DESCRIPTION OF THE TASK ▸
Could the listing below be returned exactly, with its pictures left out?

GIVEN DATA ▸
--- START ---

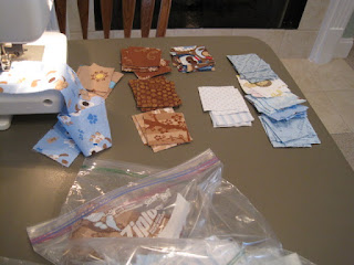 Sandy's stacks of pieces for making her puppy dog baby quilt.
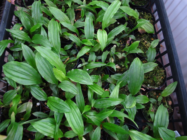 自家交配して育成しているニオイ系(ニオイ系コオズも含まれています)の苗です。コオズ系はこれらよりずっと生育のよいものが多いですが、ニオイ系はこれで植え出して2~3年経っています。ビン苗をうまく作れないので(技術不足と手抜き)、初期の生長がよくありませんが、大きくなり始めると意外に順調に伸びることが多いようです。そこに至るまでにだいぶ淘汰されてしまいますけどね。ただ一気に開花まで生育できず、途中でいじけると10年選手の道(あるいはひっそりリタイア)を歩むものが出てきます。
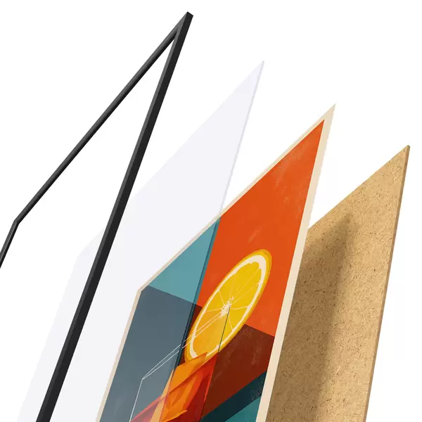 Das Poster besteht aus einem Rahmen, Plexiglas, einem gedruckten Bild und einer Rückwand aus Spanplatten. Dank der Halterungen auf der Rückseite kann das Poster sofort an die Wand gehängt werden.
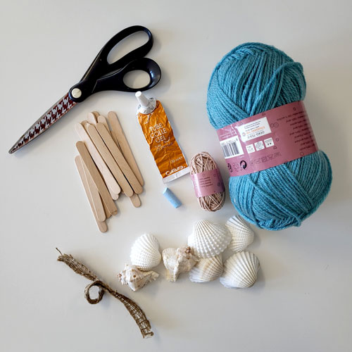 Prenez votre fil de laine et scotchez les bouts sur les bâtonnets.

--- END ---

ANSWER SPACE ▸
 Sandy's stacks of pieces for making her puppy dog baby quilt.
 自家交配して育成しているニオイ系(ニオイ系コオズも含まれています)の苗です。コオズ系はこれらよりずっと生育のよいものが多いですが、ニオイ系はこれで植え出して2~3年経っています。ビン苗をうまく作れないので(技術不足と手抜き)、初期の生長がよくありませんが、大きくなり始めると意外に順調に伸びることが多いようです。そこに至るまでにだいぶ淘汰されてしまいますけどね。ただ一気に開花まで生育できず、途中でいじけると10年選手の道(あるいはひっそりリタイア)を歩むものが出てきます。
 Das Poster besteht aus einem Rahmen, Plexiglas, einem gedruckten Bild und einer Rückwand aus Spanplatten. Dank der Halterungen auf der Rückseite kann das Poster sofort an die Wand gehängt werden.
 Prenez votre fil de laine et scotchez les bouts sur les bâtonnets.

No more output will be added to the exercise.